### [Supplied entries]
☆ ☆ ☆ ☆ ☆

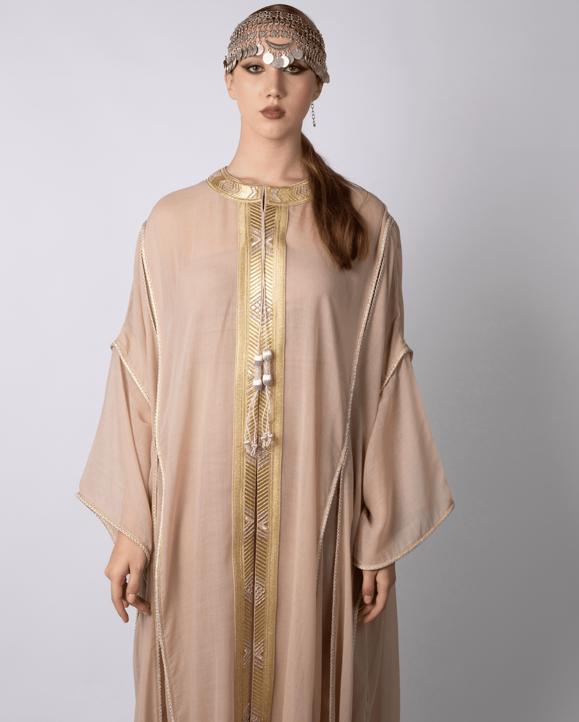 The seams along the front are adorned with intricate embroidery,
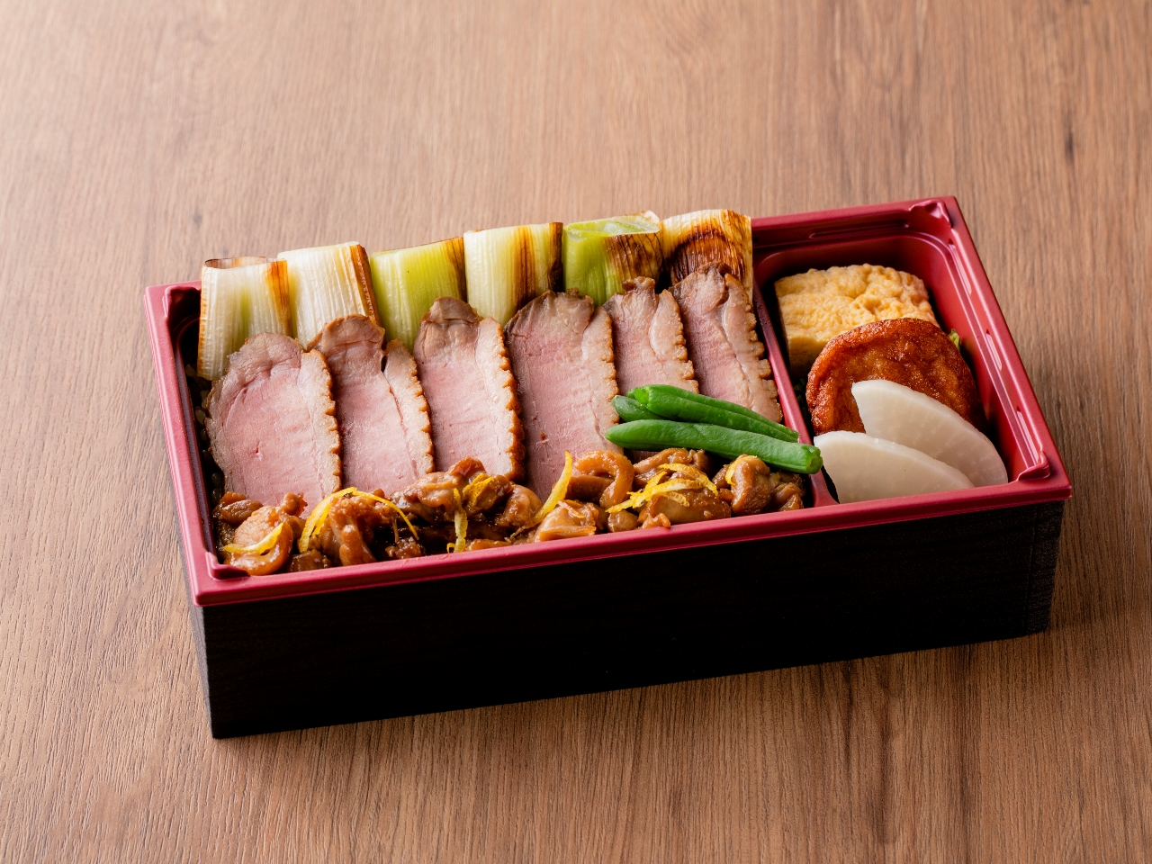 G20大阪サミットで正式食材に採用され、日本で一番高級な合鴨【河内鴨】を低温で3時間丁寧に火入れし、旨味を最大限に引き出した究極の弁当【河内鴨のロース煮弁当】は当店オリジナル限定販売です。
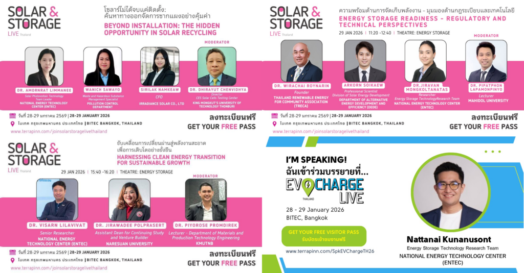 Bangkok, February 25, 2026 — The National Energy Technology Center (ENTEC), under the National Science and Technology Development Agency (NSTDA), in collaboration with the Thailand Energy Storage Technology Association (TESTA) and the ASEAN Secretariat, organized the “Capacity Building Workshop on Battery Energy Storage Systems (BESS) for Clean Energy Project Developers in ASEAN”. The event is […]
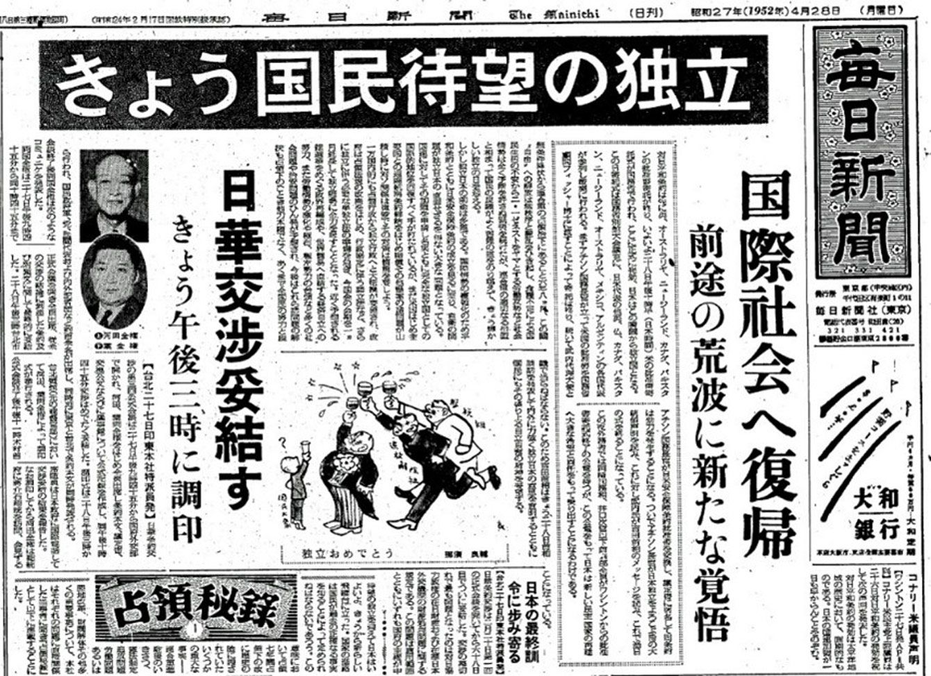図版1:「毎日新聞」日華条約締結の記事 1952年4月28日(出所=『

☆ ☆ ☆ ☆ ☆

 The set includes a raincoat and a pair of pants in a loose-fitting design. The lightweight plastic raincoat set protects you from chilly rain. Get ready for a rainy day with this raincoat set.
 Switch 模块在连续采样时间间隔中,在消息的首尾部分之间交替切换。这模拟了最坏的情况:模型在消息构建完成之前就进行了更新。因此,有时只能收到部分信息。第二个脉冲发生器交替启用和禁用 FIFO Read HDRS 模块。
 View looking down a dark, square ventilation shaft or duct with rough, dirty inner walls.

☆ ☆ ☆ ☆ ☆

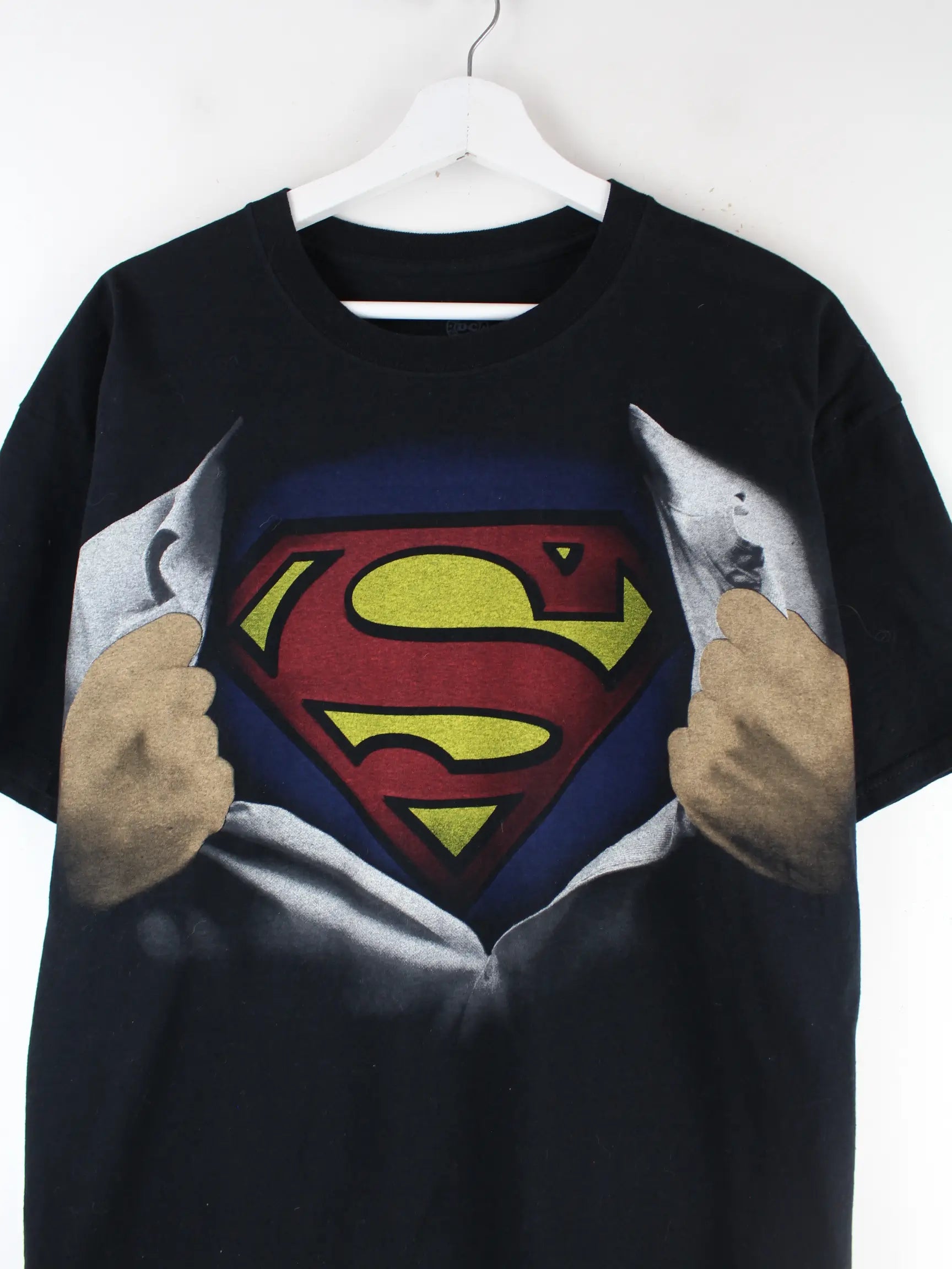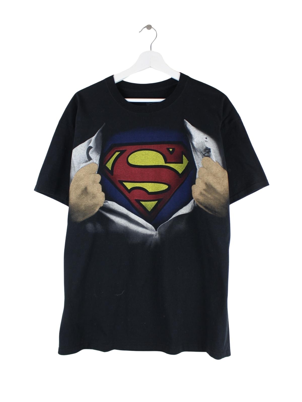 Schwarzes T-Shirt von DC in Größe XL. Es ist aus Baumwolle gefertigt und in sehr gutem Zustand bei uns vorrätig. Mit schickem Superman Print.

☆ ☆ ☆ ☆ ☆

### [Assignment]
Copy only what lies between the line with "The seams along" and the line with "図版1:「毎日新聞」日華条約締結の記事 1952年4月28日(出所=『", those two lines included, exactly as given above; pictures stay out.

### [Answer to this problem]
 The seams along the front are adorned with intricate embroidery,
 G20大阪サミットで正式食材に採用され、日本で一番高級な合鴨【河内鴨】を低温で3時間丁寧に火入れし、旨味を最大限に引き出した究極の弁当【河内鴨のロース煮弁当】は当店オリジナル限定販売です。
 Bangkok, February 25, 2026 — The National Energy Technology Center (ENTEC), under the National Science and Technology Development Agency (NSTDA), in collaboration with the Thailand Energy Storage Technology Association (TESTA) and the ASEAN Secretariat, organized the “Capacity Building Workshop on Battery Energy Storage Systems (BESS) for Clean Energy Project Developers in ASEAN”. The event is […]
図版1:「毎日新聞」日華条約締結の記事 1952年4月28日(出所=『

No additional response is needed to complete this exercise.